US hedge funds outperform in most strategies, except fixed income, where a European manager might come top of the list.
US hedge funds outperform in most strategies, except fixed income, where
a European manager might come top of the list.
In the sideways markets over the past decade, allocators were far better off in US managers, except for one strategy - fixed-income arbitrage, where the superior mathematical skills of quant-focused Europeans excelled.
Investors say the strong mathematical discipline underpinning European finance means continental managers in maths-based strategies outperform their US rivals, and that this discipline also preserves capital better in falling markets.
Cyril Julliard, co-founder of French-based investor ERAAM, says: "Europe has probably the best managers in the world when it comes to fixed-income arbitrage.
"The strength of mathematics in the French education system means many managers are good in analysing and trading derivatives markets, which plays well in fixed income."
Fixed-income arbitrage managers seek to profit from punting on movements in the relative prices of related fixed-income instruments.
In 2008, when hedge funds lost 19% overall, fixed-income arbitrageurs did not do much better, posting an 18% loss. However, European fixed-income arbitrage strategies actually rose by 11%, says Ben Funk (pictured), head of research at investor Liongate Capital Management.
"In drawdown periods such as 2008, European managers did a better job - a fair bit of which was due to fixed-income arbitrage," he says.
"Over the past five years, US managers have been stronger than European managers in all strategies but fixed-income arbitrage.
"In continental Europe, there is a hard quant background, which would give managers deep skills in maths.
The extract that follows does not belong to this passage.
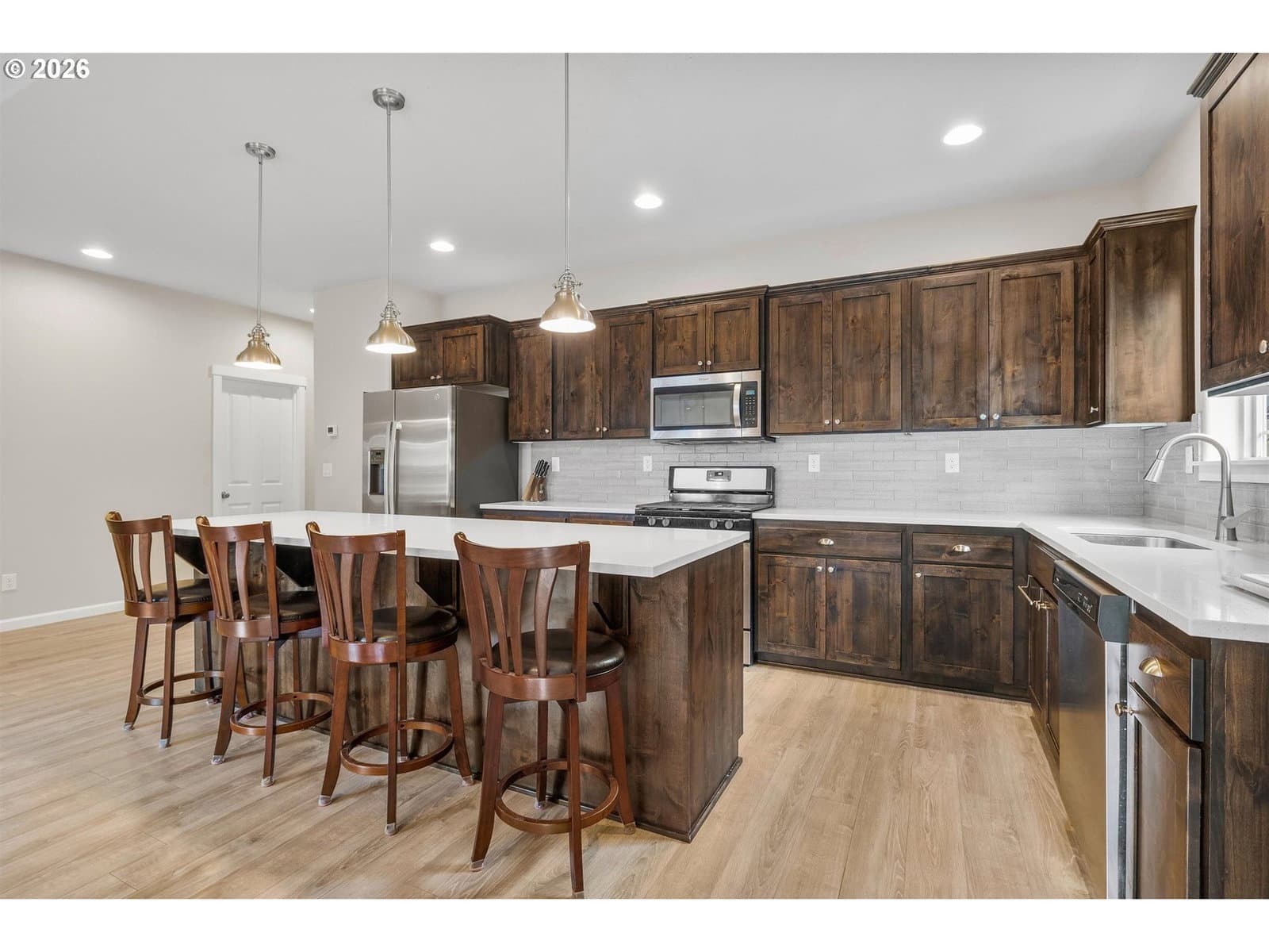 Impeccably maintained and truly move-in- ready, this single-level home in the sought-after Crystal Springs Subdivision offers the perfect blend of comfort, style, and functionality. Built in 2018, this 1,778 sq ft, 3-bedroom, 2-bath residence showcases thoughtful upgrades throughout. Step into an inviting open-concept living space featuring quartz countertops, warm Knotty Alder cabinetry with convenient roll-out shelves, and quality finishes that create both elegance and ease of living. The home extends seamlessly outdoors to a covered paver patio complete with ceiling fans--ideal for relaxing or entertaining year-round. You'll love the spacious 26-foot-deep, 2-car garage, storage shed w/ elec, and a fully landscaped, fully fenced yard with an in-ground sprinkler system. A standout feature is the generous, gated RV parking area with full hook-up and dump--perfect for RVs, trailers, or additional storage. As an added bonus, this home comes with a Choice Home Warranty until 7-17-2027.

This lends itself to fixed-income strategies, which are more quant-based."
Julliard says European managers, in general, concentrate more on generating returns independent of market direction (or alpha), whereas US managers are better to have for riding the market direction (or beta).
He says: "When there is positive beta, the US hedge funds do much better than in Europe, and it is the opposite in bear markets. In 2009, when we had the big rally in markets, the US hedge funds were returning 10% to 15%, whereas Europeans were making maybe 5% to 7%."
Julliard says European managers are generally more risk averse than their American peers - a trait perhaps fuelled by US investors expecting high returns of up to 30%, or even 40%, per annum.
But in the ‘lost decade' for equities to 2010, US managers almost quadrupled their investor's money (up 273%, according to Eurekahedge), while Europeans ‘only' tripled it (200%).
Funk says: "A lot of US managers tend to be more trading-orientated in their approach, whereas European managers may be more fundamental. The trading orientation has allowed a better compounding of returns over time, although not in the shorter term in every market."
The top 20% of US managers were also better over five years (up 33% average annualised) than the best Europeans (up 20%), Funk notes.
Over the past five years, the average US manager returned about 7% per annum, whereas the average European made about 3.5%.
The long-term performance from each side of the Atlantic stands hedge funds in good stead generally when compared to global shares (MSCI World Index), which fell 20%.
Americans' superior returns must, however, be weighed up against other, non-investment considerations.
Julliard says investing in European hedge funds, as ERAAM does exclusively, benefits from tighter regulation here, which also gives rise to healthy transparency.
He adds: "Also, the liquidity of European hedge funds is better, on average, than in the US because the investor base is much more demanding.
"In Europe, about 30% of hedge funds offer monthly liquidity, with 50% offering quarterly liquidity, whereas in the US about 30% will offer quarterly and 50% annual redemptions."
Funk notes managers might, in part, be formed or at least influenced by the history of their markets, or the fate of geography.
"Because of Europe's international position ‘between' emerging markets and the US in terms of the time zone, you find a lot of good discretionary macro managers, too."